*** Opening of Available data ***

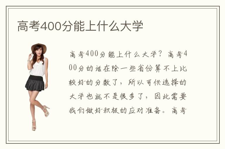 高考400分能上什么大學?高考400分的話在除一些省份算不上比較好的分數(shù)了,所以可供選擇的大學也就不是很多了,因此需要我們做好積極的應(yīng)對準備。高考400分要怎么讀本科?高考400分怎么進行更深層次的學習呢?高考是一項很重要的過渡過程,由此展開的各項學習是需要更多更豐富地探討的。高考400分怎么選擇學校?高考分數(shù)不夠高的話要好好思考。
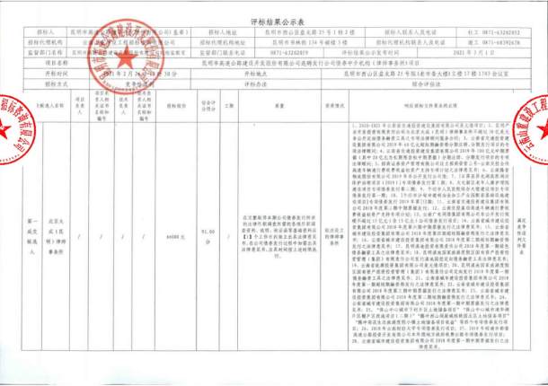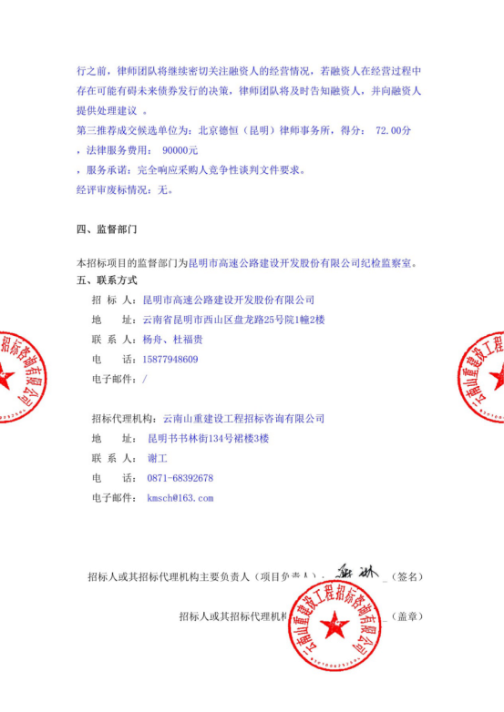 昆明市高速公路建设开发股份有限公司选聘发行公司债券中介机构(律师事务所)项目评标结果公示
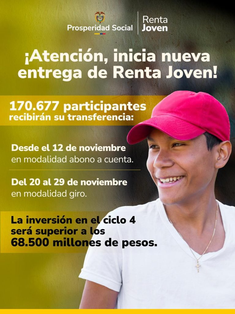 Pueden consultar la información en el siguiente link: https://prosperidadsocial.gov.co/Noticias/renta-joven-170-677-participantes-reciben-las-transferencias-monetarias-de-un-nuevo-ciclo/
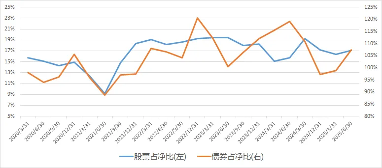 比如2024年8-9月,冯帆得到了边际上可以对权益类资产更加积极的信号,银华增强收益债券3季度小幅降低债券持仓,将股票持仓调升至19.24%,接近顶格配置(基金合同规定股票持仓不超过20%),充分把握了9.24行情。2024年4季度至2025年2季度,该基金小幅减持股票,保持一定的权益资产敞口分享震荡上行行情,同时进一步降低债券持仓,规避债市调整。

*** Close of Available data ***

• Activity:
Transcribe the full listing above exactly as it stands, minus the pictures.

• The completed task:
 高考400分能上什么大學?高考400分的話在除一些省份算不上比較好的分數(shù)了,所以可供選擇的大學也就不是很多了,因此需要我們做好積極的應(yīng)對準備。高考400分要怎么讀本科?高考400分怎么進行更深層次的學習呢?高考是一項很重要的過渡過程,由此展開的各項學習是需要更多更豐富地探討的。高考400分怎么選擇學校?高考分數(shù)不夠高的話要好好思考。
 昆明市高速公路建设开发股份有限公司选聘发行公司债券中介机构(律师事务所)项目评标结果公示
 Pueden consultar la información en el siguiente link: https://prosperidadsocial.gov.co/Noticias/renta-joven-170-677-participantes-reciben-las-transferencias-monetarias-de-un-nuevo-ciclo/
 比如2024年8-9月,冯帆得到了边际上可以对权益类资产更加积极的信号,银华增强收益债券3季度小幅降低债券持仓,将股票持仓调升至19.24%,接近顶格配置(基金合同规定股票持仓不超过20%),充分把握了9.24行情。2024年4季度至2025年2季度,该基金小幅减持股票,保持一定的权益资产敞口分享震荡上行行情,同时进一步降低债券持仓,规避债市调整。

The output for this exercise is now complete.